A new day is rising for the technology CEO.

The sun is setting on the tall, white MBAs and rising on short, asian engineers.

- a short asian engineer


There is something very very very wrong with big corporate America, whenever execs of poorly performing companies manage to squeeze $70 million in compensation. I fail to see any reasoning behind decisions like that, except old&stupid "well... it's the way these things work"


It's no different in other industries. Teams have to pay star players lots of money, even if they later do badly; publishers give big advances to famous writers, and sometimes their books flop. It's just the way the world works, not some specially sinister thing about CEOs.


As far as I know, this is largely an American (U.S.) phenomenon. I don't think many other countries have the kind of disparity between managers and other employees that American corporations have.

I have also read analyses suggesting compensation is often influenced by the fact that board members are usely CEOs of other companies who know that their compensation will go up if the compensation of other CEOs go up. If true, that would qualify as "sinister" in my judgement.


The NY Yankees GM certainly knows all about that concept!


Stockholders have very little control over companies. The boards of directors tend to be inbred--CEOs from various firms serve on each others BoDs. So, you get what you get.

I doubt any CEO's salary comes near the theoretical market value of the job.

In Japan, CEOs make much, much less, and they don't seem to be hurting as a result. I'm inclined to dispute the "superstar" theory of upper-level executives. Semel's defining moment came when he decided not to buy google. This is tantamount to a baseball player deciding not to swing the bat--hoping for a ball. Not much of a superstar.


I doubt any CEO's salary comes near the theoretical market value of the job.

"Tournament theory" in economics explains why that's true: "Why Your Boss Is Overpaid" http://www.forbes.com/2006/05/20/executive-compensation-tournament_cx_th_06work_0523pay.html

The same dynamic drives people at startups, too.

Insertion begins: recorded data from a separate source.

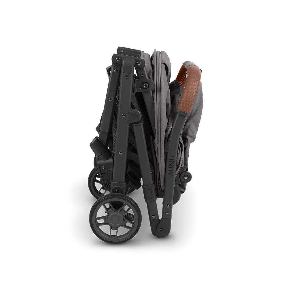 ¡Una mano y un movimiento suave son todo lo que se necesita para doblar completamente el MINU! Incluso puedes sostener al bebé en el otro brazo mientras doblas el cochecito.
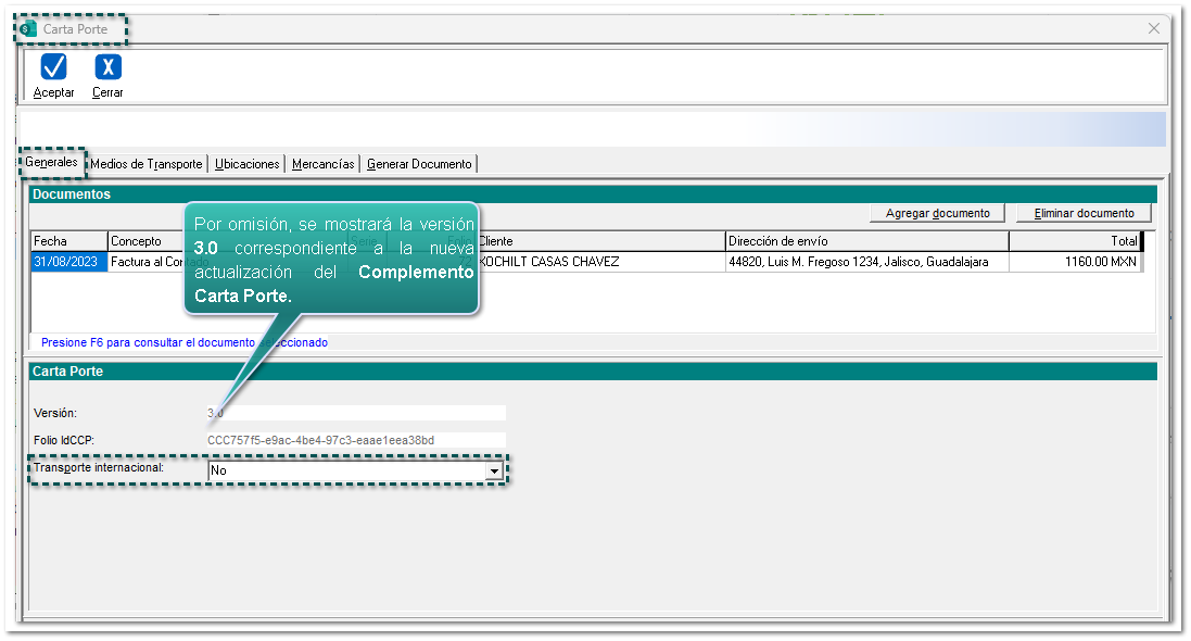 Dentro de la ventana Carta Porte, pestaña "Generales" agrega un documento. O bien, si ingresaste a la opción "Carta Porte 3.0" desde un documento, se mostrará el documento seleccionado.
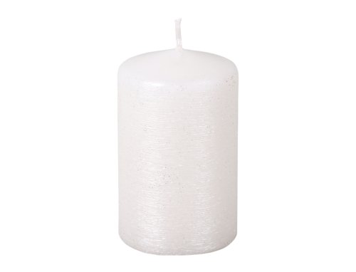 Škrábaná adventní svíčka s metalickým lesklým povrchem. Hlava je rovná, zaoblená. Dekorativní vzhled ozvláštní každý vánoční svícen či dekoraci. Průměr: 7 cm, výška: 12 cm. Doba hoření: 80 hodin. Barva: bílá.

Nice link, thanks, I like Tim Harford's articles a lot.


How can you argue against the superstar CEO theory? People like Steve Jobs, Bill Gates, Henry Ford, etc.

People on a Board of Directors fire superstars because they're hard to control and hire losers that are "team players". Just because they implement the theory so horribly doesn't mean it's not a valid one.

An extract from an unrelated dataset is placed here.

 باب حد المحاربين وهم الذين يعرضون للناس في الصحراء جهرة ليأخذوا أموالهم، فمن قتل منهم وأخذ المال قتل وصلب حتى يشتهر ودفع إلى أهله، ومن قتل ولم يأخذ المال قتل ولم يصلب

I wouldn't look to Japanese companies for any pointers on staying innovative or disruptive. Japan is still all about the status quo, risk-aversion, and bureaucracy. They should be so much further along it's scary and it is hurting them: a superstar at Sony would have created the iPod.


[Note: I hope I'm not pissing people off by adding these links, but I (along with a few friends) read the books and summarized them for you, for free, so I don't think you're getting a bad deal out of it - and as business books, they are pretty relevant, or at least I think so, which is why I read them in the first place.]

Jim Collins, in Good to Great ( http://tinyurl.com/ypwu8a ) comes out against rock star CEO's, saying that those who turned the companies he studied around were decidedly not rock stars. He has a term for these people, "level 5 leaders", which to me sounds like some kind of weird cult mumbo jumbo, but his point is well taken.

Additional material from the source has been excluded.